DATA UNDER STUDY:
********
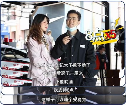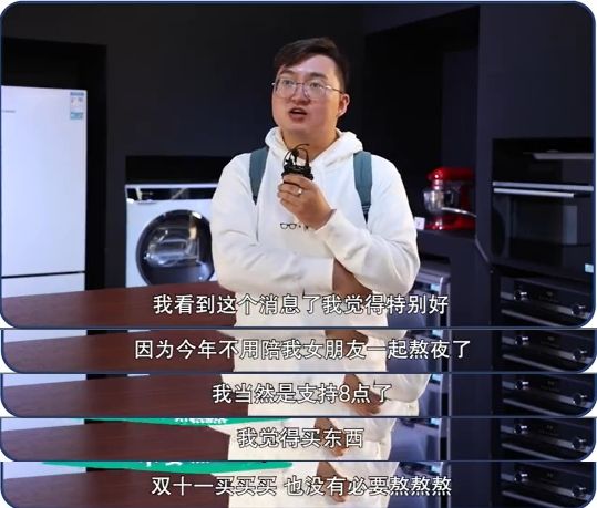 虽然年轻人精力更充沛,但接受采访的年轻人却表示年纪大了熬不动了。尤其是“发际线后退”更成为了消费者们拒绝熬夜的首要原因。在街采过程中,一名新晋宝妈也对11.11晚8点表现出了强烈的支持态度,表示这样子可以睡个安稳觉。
********
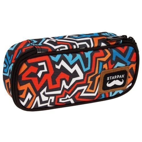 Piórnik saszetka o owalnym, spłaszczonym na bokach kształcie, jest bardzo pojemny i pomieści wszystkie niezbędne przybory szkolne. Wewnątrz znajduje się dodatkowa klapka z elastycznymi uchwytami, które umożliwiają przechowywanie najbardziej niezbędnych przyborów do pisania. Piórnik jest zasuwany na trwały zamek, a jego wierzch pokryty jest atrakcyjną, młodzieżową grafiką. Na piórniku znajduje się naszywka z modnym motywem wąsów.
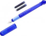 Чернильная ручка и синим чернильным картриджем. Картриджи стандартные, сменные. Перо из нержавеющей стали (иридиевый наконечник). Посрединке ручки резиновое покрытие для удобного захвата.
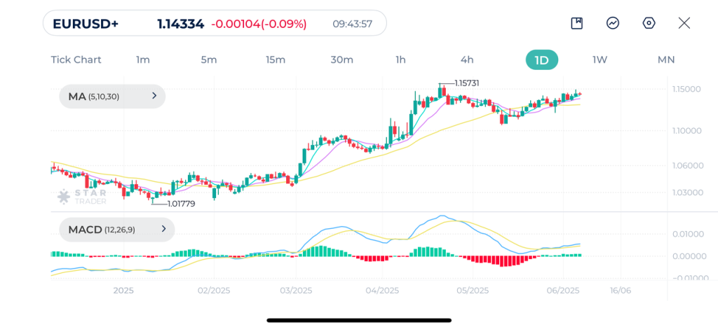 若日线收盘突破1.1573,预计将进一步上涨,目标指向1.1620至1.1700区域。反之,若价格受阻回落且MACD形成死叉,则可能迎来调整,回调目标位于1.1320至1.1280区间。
********
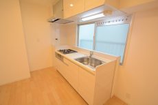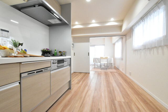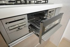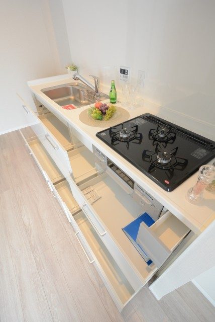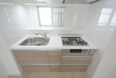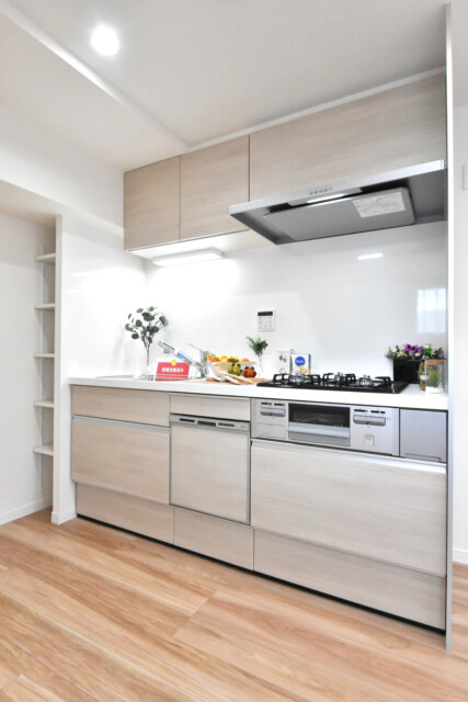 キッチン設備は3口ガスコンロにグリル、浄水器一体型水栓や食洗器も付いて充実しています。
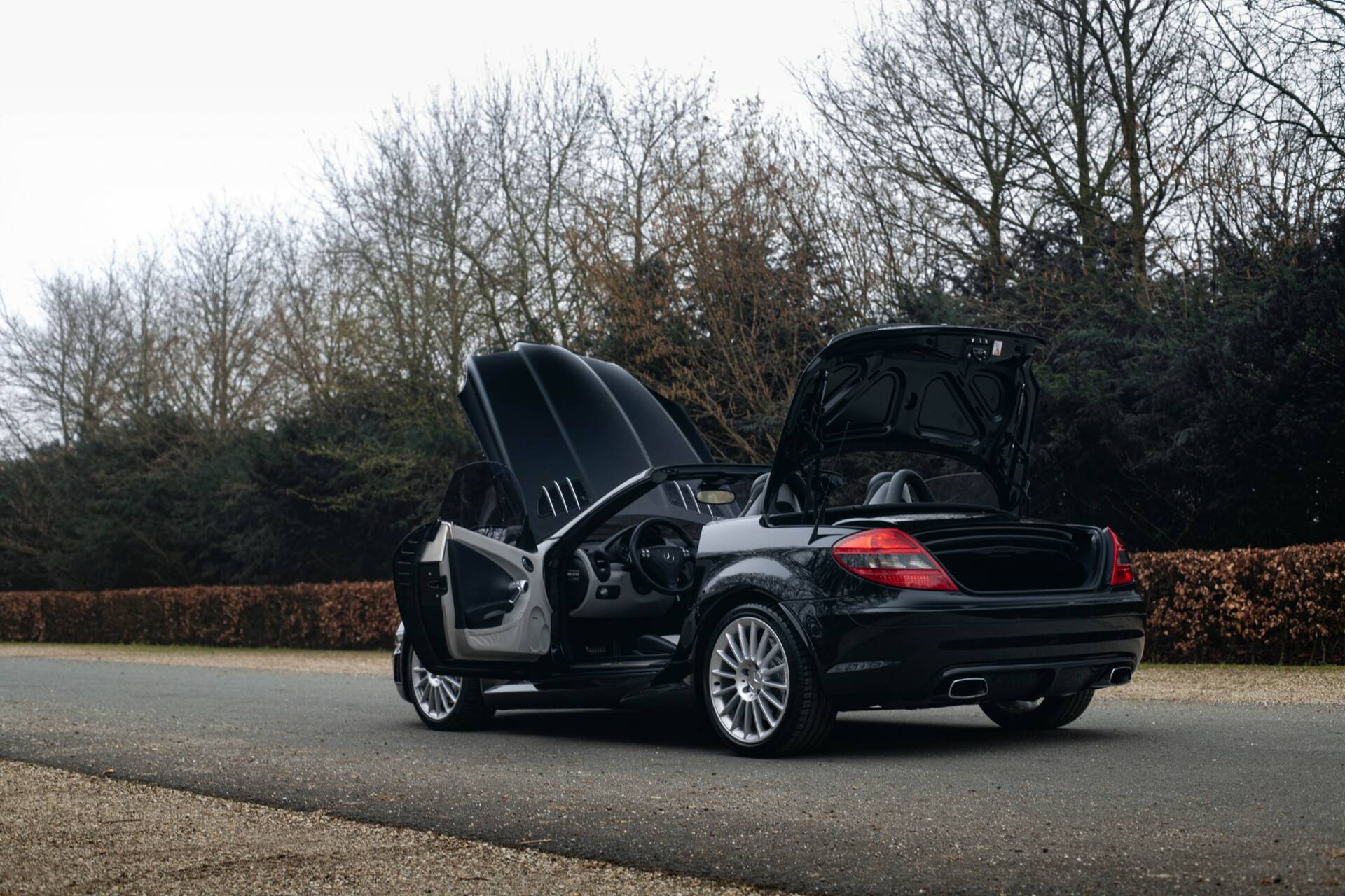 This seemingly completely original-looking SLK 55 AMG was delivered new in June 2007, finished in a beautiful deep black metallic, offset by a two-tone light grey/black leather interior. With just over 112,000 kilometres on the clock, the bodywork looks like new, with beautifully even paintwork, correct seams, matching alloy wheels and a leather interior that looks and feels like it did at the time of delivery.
********
PROBLEM DESCRIPTION:
What you need to produce is an exact copy of the entries above, limited to the lines from the one with "キッチン設備は3口ガスコンロ" up to and including the one with "This seemingly completely", without pictures.

EXERCISE ANSWER:
 キッチン設備は3口ガスコンロにグリル、浄水器一体型水栓や食洗器も付いて充実しています。
 This seemingly completely original-looking SLK 55 AMG was delivered new in June 2007, finished in a beautiful deep black metallic, offset by a two-tone light grey/black leather interior. With just over 112,000 kilometres on the clock, the bodywork looks like new, with beautifully even paintwork, correct seams, matching alloy wheels and a leather interior that looks and feels like it did at the time of delivery.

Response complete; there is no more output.